Por desgracia, no había tenido hijos habría sido un padre excelente, tan estricto como bondadoso, y hubiera educado debidamente a sus retoños, enviándolos a Eton y enseñándoles a cazar, pescar y cabalgar. Pero no tenía más herederos que el hijo de un hermano muerto en un accidente de automóvil. El sobrino no era mal mozo, pero no se parecía en nada a la familia. Y, por inverosímil que ello fuera, su madre cometía la sandez de enviarle a una escuela coeducacional. Esto causaba gran decepción al coronel.
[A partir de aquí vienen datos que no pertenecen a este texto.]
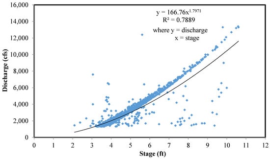 The rating curve for the stream gage near the city of Painesville was developed using 75 percentile exceedance discharge values for the period of 1988–2005 in order to capture all the high flood discharge values (Figure 4). The equation used for developing the rating curve is given below.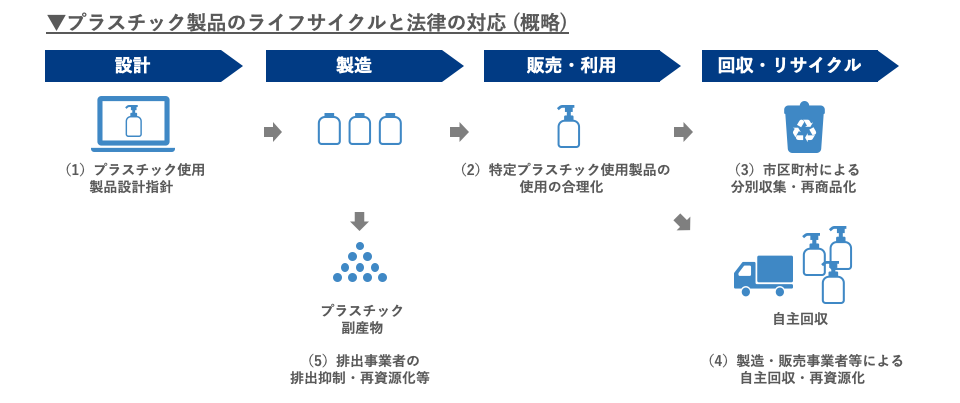 そのような中、プラスチック使用製品の「設計・製造」「販売・提供」「排出・回収・リサイクル」といったライフサイクルに関わる事業者・自治体・消費者が相互に連携しながら、プラスチックの資源循環に向けた取り組みを促進しようと、2022年4月1日に「プラ新法」が施行されました。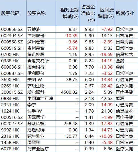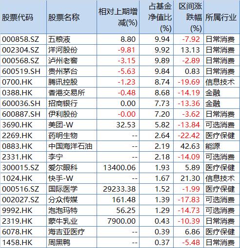 此外,爱尔眼科(300015.SZ)、快手-W(01024.HK)、国际医学(000516.SZ)、分众传媒(002027.SZ)、泡泡玛特(09992.HK)、蒙牛乳业(02319.HK)、海吉亚医疗(06078.HK)、周黑鸭(01458.HK)分列第13位至第20位重仓股。其中,快手、海吉亚医疗和周黑鸭都是首次入选该基金的股票池,其余个股都获得不同程度加仓。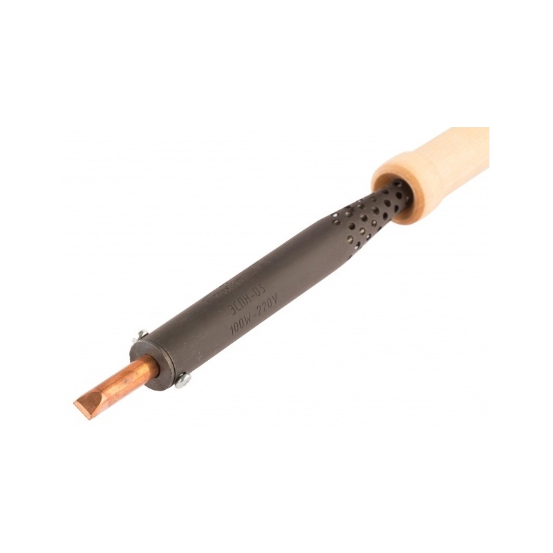 Паяльник электрический ЭПCН-03-100/220 с деревянной рукояткой, Сибртех предназначен для проведения электромонтажных работ, для пайки электрокомпонентов, проводов, мелких металлических и пластиковых деталей, радиосхем, ремонта бытовой техники.
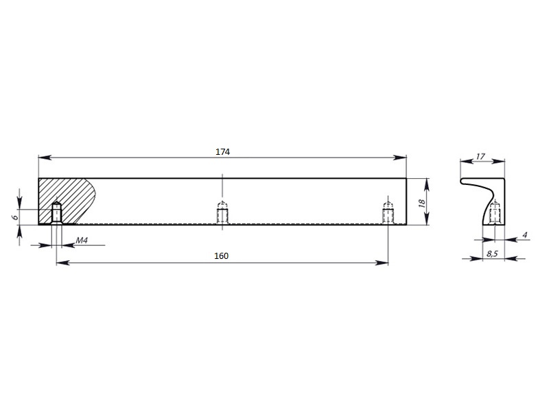 Ручка мебельная, накладная PM(22), 160 мм, алюминий, матовый хром, Валмакс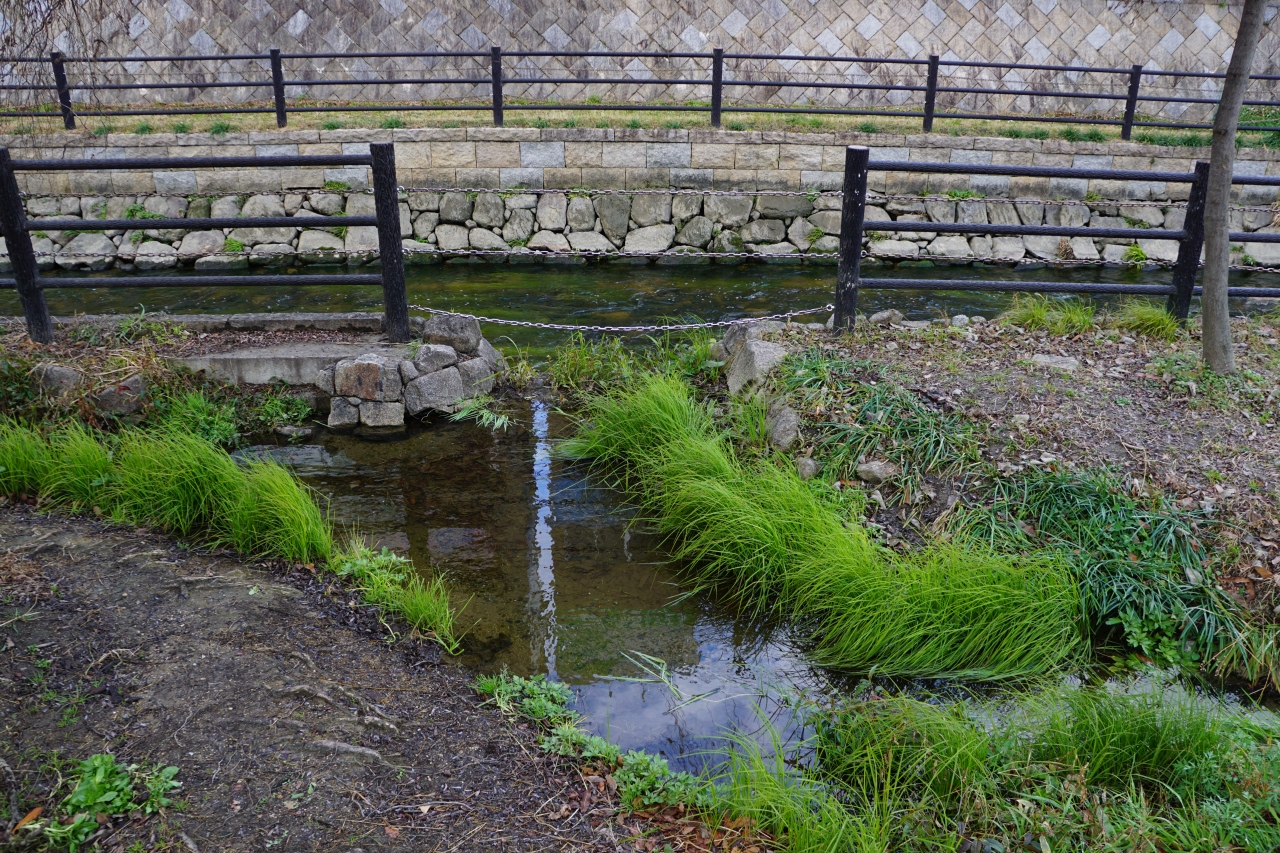 寝屋川せせらぎ公園は、寝屋川駅の西側すぐ。寝屋川沿いに整備された親水公園です。駅からベル大利商店街といった市街地にはこの寝屋川を越えて行くので、市民の皆さんはこの公園を毎日眺めているのかも。川は清掃も行き届いていて、川底の水草が見えてきれいでした。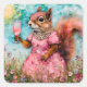 Un drôle d'écureuil avec une robe rose et des perles tenant un verre L'art généré par l'IA
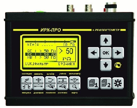 Кабельный прибор ИРК-ПРО 20 предназначен для: - измерения сопротивления изоляции, шлейфа, омической асимметрии, электрической емкости всех типов кабелей связи. - определения расстояния до участка с пониженным сопротивлением изоляции кабеля, определения места обрыва или перепутывания жил кабеля.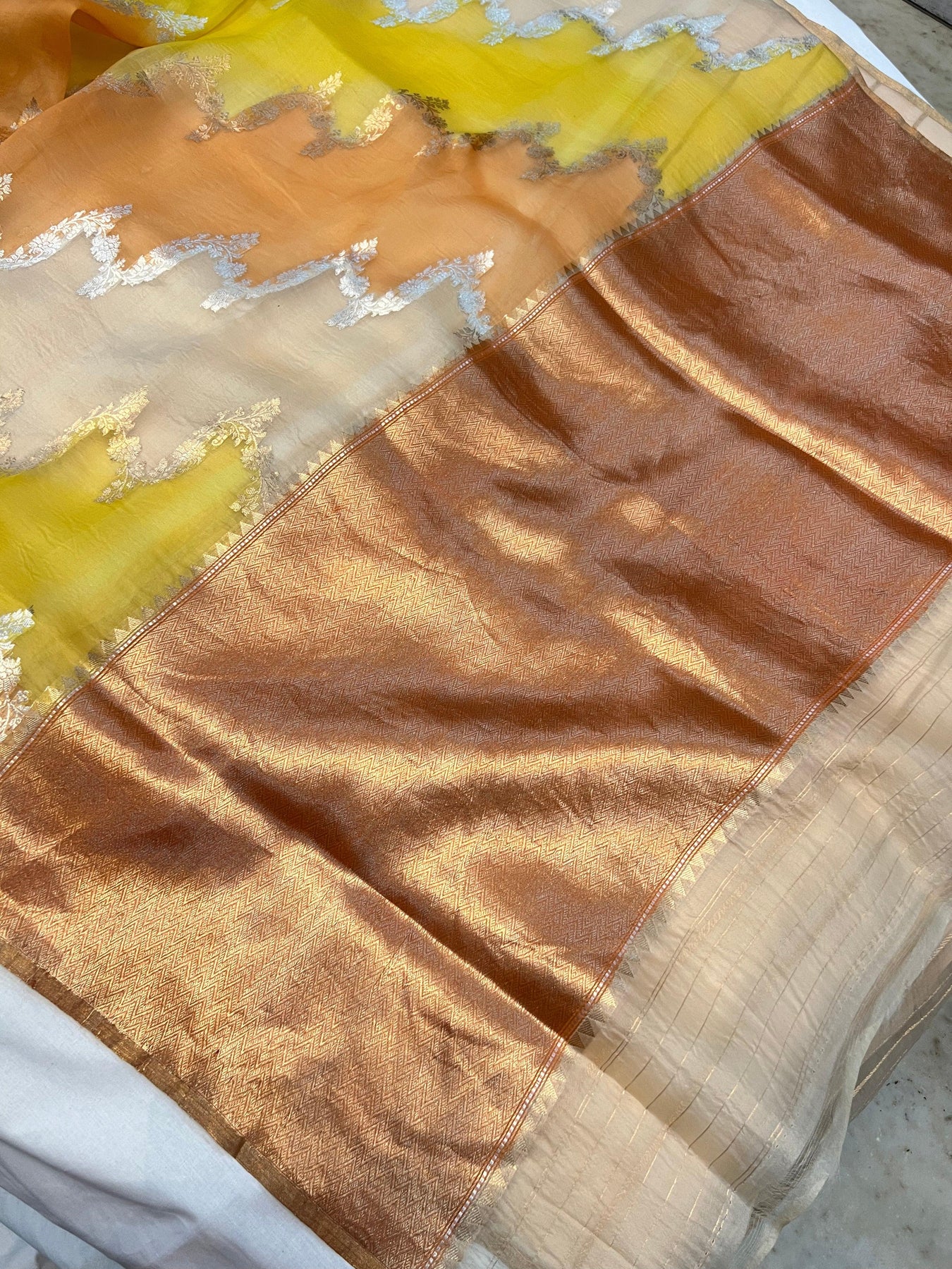 Cream-Peach Rangkaat Banarasi Handloom Kora Silk Saree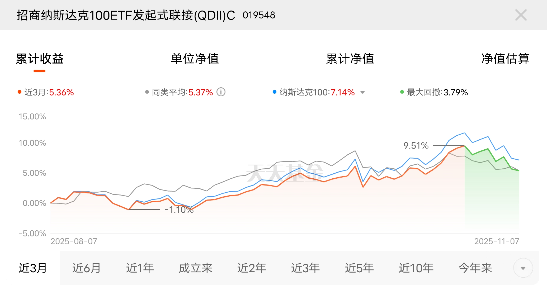 美股最近涨得红火,三大指数同步攀升,核心是美政府停摆有望本周末结束。招商纳斯达克100ETF联接(QDII)C近3个月收益5.36%,最后一天单日1000可投,错过没机会。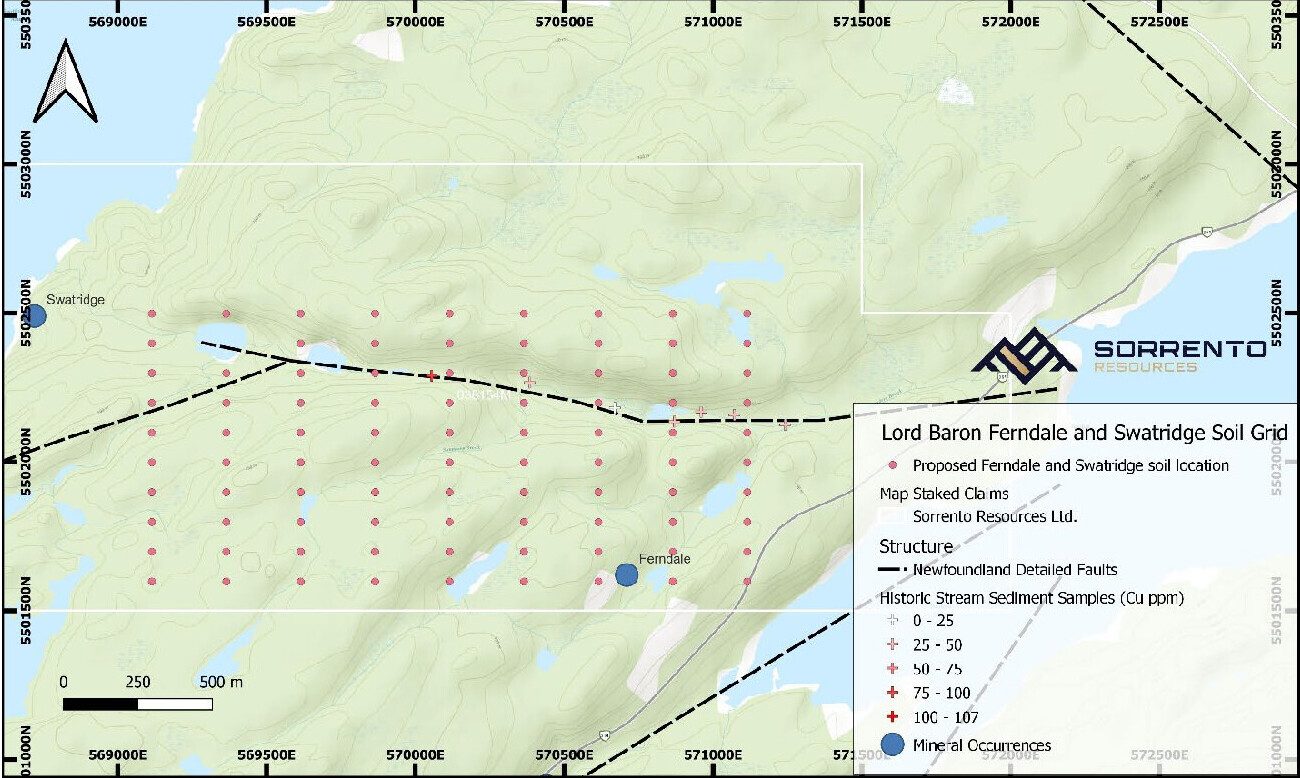 Sorrento Resources Announces Commencement of Soil and Rock Sampling on the Copper-Gold Lord Baron Project, Newfoundland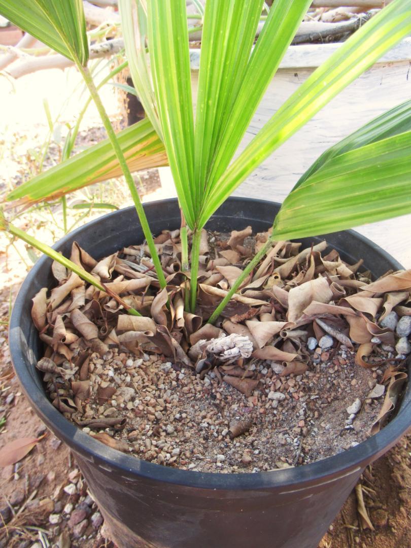 Other nurseries, growing rare, rainforest-type stuff seem to plant their palms in a small amount of rich soil, but mixed with mostly fine bark or wood chips mixed with perlite.  This soil seems to break down and burn out in a little over a year, at which point they need repotting.  It’s a more acidic, richer, wetter mix, but still seems to work well for those types of palms that naturally grow under those conditions.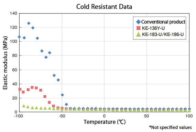KE-186-U Cold resistance Milky white translucent C-8 2.0 160℃ × 10 m 200℃ × 4 h 277 65 1.19 11.0 480 19 12**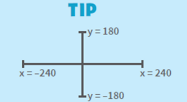 Recordar: la pantalla ubica los objetos con dos valores X e Y , que van de -240 a +240 en X ó de -180 a + 180 en Y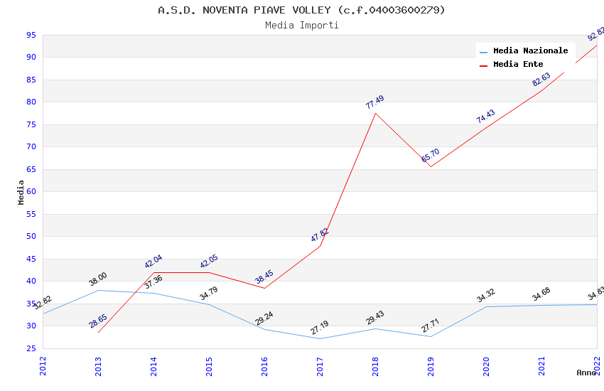 | Anno | Firme | Importi | Media | Naz. | Reg. | Prov. | Comu. |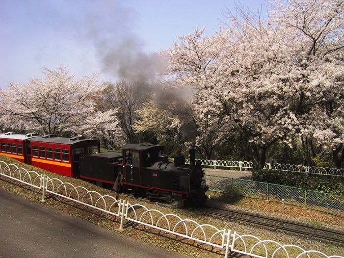 土日祝日にはランドトレインで、広い園内を移動できます。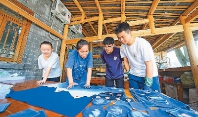 在貴州省黔東南苗族侗族自治州榕江縣三寶侗寨,來自貴州財經(jīng)大學的大學生學習非遺藍染知識。周光勝攝(人民圖片)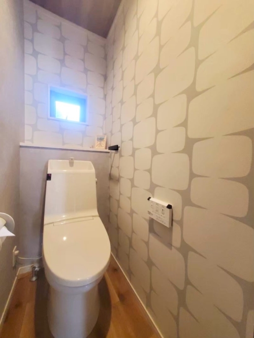 北欧風の1階トイレ。狭い空間だからこそ、壁紙は楽しんで。

Su mujer, Evie, era toda una señora, poseía algún dinero propio, administraba la casa muy bien, jugaba decorosamente al tenis y sabía atender con gentileza a los invitados. La gente del pueblo la adoraba. En tiempos había sido monina, con piel de un tono crema, fino cabello y esbelta figura, pero ahora andaba en los cuarenta y cinco y tenía el cutis reseco, el cabello mate, y una figura flaca como una espina. Siempre iba limpia y dignamente vestida, mas no se preocupaba de su apariencia, no se arreglaba la cara y ni siquiera usaba lápiz de labios. Cuando se vestía para una reunión cabía juzgarla diciendo que debía haber sido atractiva, pero ya no llamaba la atención en nada. Claro que era de gran vitalidad y resultaba lamentable que no hubiese dado herederos a un hombre que los anhelaba. Sin duda, Jorge había estado enamorado de ella cuando le propuso casarse, o al menos tan suficientemente enamorado como lo necesita un hombre deseoso de contraer matrimonio y estabilizarse. Mas, con el tiempo, había descubierto que los dos no tenían nada en común. Evie no gustaba de la caza y le aburría la pesca. Tendieron, pues, a vivir cada uno su existencia propia. Desde luego, ella nunca le molestó ni produjo escándalos. Evie parecía dar por hecho que Jorge debía subsistir a su modo. Si él iba a Londres, ella no insistía en acompañarle. El coronel trataba allí a una muchacha. O, mejor dicho, no una muchacha propiamente hablando, ya que no contaba menos de treinta y cinco años. Pero era rubia y llamativa y él no tenía más que telefonearle para quedar de acuerdo en ir a comer o al cinema. Un hombre sano y normal necesita, naturalmente, ciertas diversiones. Y Jorge solía pensar que, de no haber sido Evie tan buena mujer, hubiese sido mejor esposa. Tal pensamiento, con todo, no era grato, y el coronel solía eliminarlo de su mente.

Jorge Peregrine concluyó de leer el Times y, como hombre considerado que era, tocó el timbre y encargó al mayordomo que llevase el periódico a Evie. Eran las diez y media y a las once tenía una cita con uno de sus colonos. Así, pues, le sobraba media hora.

“Demos un vistazo al libro de Evie”, se dijo.

Lo cogió, sonriendo. Evie guardaba en su habitación muchos libros graves, que no le interesaban al coronel un ardite. Pero, pues le gustaban a ella, nada quería objetar. Advirtió que el volumen que sostenía en la mano no pasaba de noventa páginas y lo celebró. Compartió el criterio de Poe respecto a que los poemas deben ser breves. Y al volver las páginas notó que muchos de los trabajos de Evie estaban escritos en verso irregular y sin consonantes. Esto no le agradó. Recordaba haber aprendido, de niño, un poema que empezaba: “Estaba el mozo en el ardiente puente…”. En Eton había tenido que aprender también la mitad de otra composición cuyo verso inicial rezaba: “La ruina te amenaza, rey implacable”. El rey era Enrique V. Miró, consternado, las páginas de Evie y murmuró:

—A esto yo no lo llamo poesía.

Pero todos los trabajos no eran iguales. Los había de ocho o diez sílabas, y aun más largos. Algunos rimaban y estaban medidos. Varias páginas presentaban el título “Sonetos”, y Jorge, contando los versos, halló catorce en cada uno. Los leyó, pero no entendió bien su significado. Y repitió, para sí: “La ruina te amenaza, rey implacable”.

—¡Pobre Evie! —suspiró.

Entró en aquel momento el campesino a quien esperaba. Le saludó y los dos se aplicaron a sus asuntos.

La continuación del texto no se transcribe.